Hearing Health : 5 Things you didn't know about ear wax

So what are the 5 things you didn't know about ear wax?

1. Earwax gets out through the movement of the ear cell. 

The cells inside the ear canal are unique in the human body - they migrate. "You could put an ink dot on the eardrum and watch it move over a few weeks and it would be 'carried out' by the movement of the cells." according to Prof Shakeel Saeed at London's Royal National Throat, Nose and Ear hospital. Read more.....
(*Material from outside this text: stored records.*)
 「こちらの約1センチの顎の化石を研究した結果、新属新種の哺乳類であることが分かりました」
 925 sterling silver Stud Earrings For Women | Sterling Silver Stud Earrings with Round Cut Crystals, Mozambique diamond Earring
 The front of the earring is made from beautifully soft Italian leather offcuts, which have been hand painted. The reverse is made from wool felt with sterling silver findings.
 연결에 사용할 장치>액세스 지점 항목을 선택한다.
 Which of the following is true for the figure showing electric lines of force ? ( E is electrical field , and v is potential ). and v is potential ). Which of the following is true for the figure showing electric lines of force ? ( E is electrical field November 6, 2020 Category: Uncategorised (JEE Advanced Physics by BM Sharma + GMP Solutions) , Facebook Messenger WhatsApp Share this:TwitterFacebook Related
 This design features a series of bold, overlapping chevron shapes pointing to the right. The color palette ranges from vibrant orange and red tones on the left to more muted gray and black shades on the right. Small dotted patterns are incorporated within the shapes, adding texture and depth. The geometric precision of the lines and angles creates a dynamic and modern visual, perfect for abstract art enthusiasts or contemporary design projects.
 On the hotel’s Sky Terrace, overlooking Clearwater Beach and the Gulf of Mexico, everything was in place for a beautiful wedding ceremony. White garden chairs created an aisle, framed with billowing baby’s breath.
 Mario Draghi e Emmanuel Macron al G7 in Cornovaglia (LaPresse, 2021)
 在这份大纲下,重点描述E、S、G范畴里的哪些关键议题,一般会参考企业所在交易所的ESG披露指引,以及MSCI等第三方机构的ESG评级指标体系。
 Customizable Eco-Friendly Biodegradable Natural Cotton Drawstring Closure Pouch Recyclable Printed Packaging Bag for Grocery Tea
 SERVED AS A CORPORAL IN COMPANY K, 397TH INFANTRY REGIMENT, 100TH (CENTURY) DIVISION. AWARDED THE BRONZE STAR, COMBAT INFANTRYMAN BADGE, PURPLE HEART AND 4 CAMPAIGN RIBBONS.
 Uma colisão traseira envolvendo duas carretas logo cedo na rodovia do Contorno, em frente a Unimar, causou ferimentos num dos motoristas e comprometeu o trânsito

2.  Earwax has microbial properties


image: BBC Health

Ear wax contains waxy oils but much of it is made up of keratinocytes - dead skin cells. The rest of cerumen - to give it its technical name - is a mixture of substances.

 3. You can differentiate earwax to asian and non asian

Asian and non-Asian ears produce different types of earwax according to scientists at the Monell Institute in Philadelphia. Chromosome 16 is home to the "wet" or "dry" gene for earwax - with the wet variant dominating. READ MORE HERE...

4. A vaccumm is better than a syringed

Carrie Roberts is in her 40s and has an ear wax problem. She had her ears syringed at the GPs several times, tried hot oil with no success - and ended up with both ears blocked.Ms Roberts decided to pay for micro-suction treatment, where the ear canal is cleaned with an instrument like a tiny vacuum cleaner. Prof Saeed prefers this method to syringing. "With syringing you are going in 'blind' - not under direct vision. If you use water it has to get past the wax and come back, bringing the wax with it. Read MORE HERE

5.  Earwax can be a polluntant monitor



Earwax, like many other bodily secretions, can show traces of certain toxins in the body such as heavy metals. But it's an odd place to look and no more reliable than a simple blood test.
There are also some rare metabolic disorders that affect earwax. The most notable earwax scientific discovery of recent times is that of a 24cm wax earplug from a blue whale.
Unlike humans which shed their earwax and dead skin cells, filter-feeding whales retain their earwax, recording life events similar to the way tree rings reveal arid and wet seasons during its lifetime.
The earwax was analysed by Sascha Usenko, a environmental scientist at Baylor University in Waco, Texas. He and his team found that during the 12-year-old male whale's life it came into contact with 16 different pollutants such as pesticides.
There was a peak of exposure during the first year of life - suggesting that these were transferred from its mother either in the womb or through her milk.